Pour éviter toute pathologie liée à une insuffisance d’apport ou à des apports non
adaptés à sa physiologie, le sevrage reste un événement incontournable dans la vie des
chatons.
QUAND EFFECTUER LE SEVRAGE ?
La date idéale de sevrage change selon le point de vue où l’on se place :
• lorsque l’on se place du côté de la mère, il serait souhaitable que le sevrage
intervienne le plus tôt possible pour la préserver pour ses prochaines portées ;
• pour les chatons, il serait préférable que le sevrage se déroule le plus tard possible
pour limiter le stress et favoriser les contacts sociaux avec la mère.
Ainsi, l’éleveur doit choisir une date intermédiaire qui permet à la fois de préserver la
femelle mais aussi de proposer aux chatons un bon développement comportemental.
Durant ses premières semaines de vie, le chaton gagne du poids tous les jours. Cette prise de
poids quotidienne est appelée GMQ (Gain Moyen Quotidien). Il est exprimé en grammes par
jour. Il reflète l’état de santé du chaton.
En théorie, le « sevrage idéal » doit commencer quand le GMQ diminue. L’éleveur peut donc
commencer à apporter de la nourriture solide à partir de la quatrième semaine et augmenter
progressivement les quantités. En pratique, la date du sevrage va varier en fonction de
multiples facteurs. Ainsi, on comprend aisément que si la portée est de grande taille ou que la
mère présente une hypogalactie (baisse de la sécrétion lactée) voire une agalactie (absence de
sécrétion lactée), le sevrage devra être anticipé.

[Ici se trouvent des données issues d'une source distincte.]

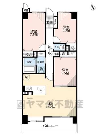 LDK17.2畳、洋7.1畳、洋5.5畳、洋5.3畳 |
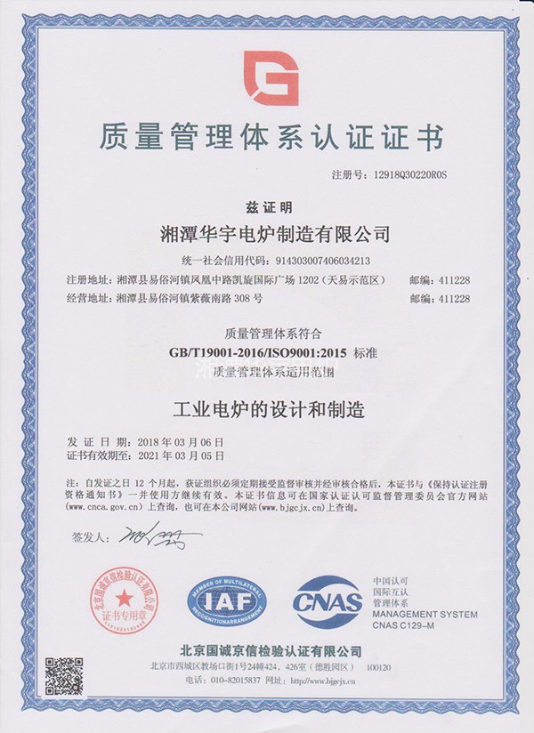 質(zhì)量管理體系認(rèn)證證書

La date du sevrage peut être avancée également dans les chatteries confrontées à une
épidémie de Péritonite Infectieuse Féline. Dans ce cas, pour éviter la contamination des
chatons par des coronavirus, il est parfois souhaitable de mettre en place un sevrage précoce
définitif vers l’âge de 4 semaines.
DEROULEMENT PRATIQUE DU SEVRAGE
Le sevrage, comme nous l’avons déjà signalé, est une période génératrice de stress
pour le chaton. Cette étape doit être préparée avec soin. Dès que l’éleveur a décidé de
commencer le sevrage, il doit laisser à disposition l’aliment dans une gamelle accessible à
tous les individus de la portée. Une gamelle large avec rebords bas doit être préconisée. Cette
gamelle peut contenir en début de sevrage un aliment solide humidifié avec du lait maternisé
puis de l’eau ou un aliment humide formulé en fonction des besoins nutritionnels du chaton.
L’essentiel est de respecter certaines règles incontournables : augmentation
progressive des quantités pour couvrir les besoins énergétiques, renouvellement régulier de la
gamelle pour éviter toute mauvaise conservation et éviter que l’aliment soit souillé.
Quand l’éleveur peut contrôler les prises d’alimentation lactée (lors d’allaitement artificiel), il
est souhaitable de diminuer le nombre de biberons la semaine précédant le sevrage et de
proposer systématiquement après chaque biberon de la nourriture solide. La semaine suivante,
certains éleveurs inversent alors les deux types d’alimentation en proposant l’alimentation
solide avant chaque biberon pour inciter les chatons à préférer la nourriture solide. Ce
phénomène peut être envisagé lors d’allaitement naturel en proposant de la nourriture solide
après chaque tétée.
Dans tous les cas, le critère principal du bon déroulement du sevrage est la bonne prise
de poids en vérifiant le GMQ par une pesée quotidienne. En cas d’arrêt de la prise de poids
pendant deux jours, n’hésitez pas à re-proposer un ou deux biberons en complément.
Le sevrage ne doit pas durer trop longtemps, un sevrage ayant débuté vers 4 semaines doit
être terminé vers 7 semaines.
CONCLUSION
Le sevrage représente avec la période néonatale une étape délicate de l’élevage des
chatons. La date et son déroulement ne peuvent être arbitrairement fixés. L’expérience de
l’éleveur permettra de gérer de mieux en mieux cette étape qui restera pour chaque portée
différente. En pratique, chaque sevrage devra être adapté à chaque fois aux facteurs
environnementaux (comportement maternel, état de santé des chatons, éveil des chatons, …)
tout en respectant les quelques règles fondamentales incontournables citées auparavant.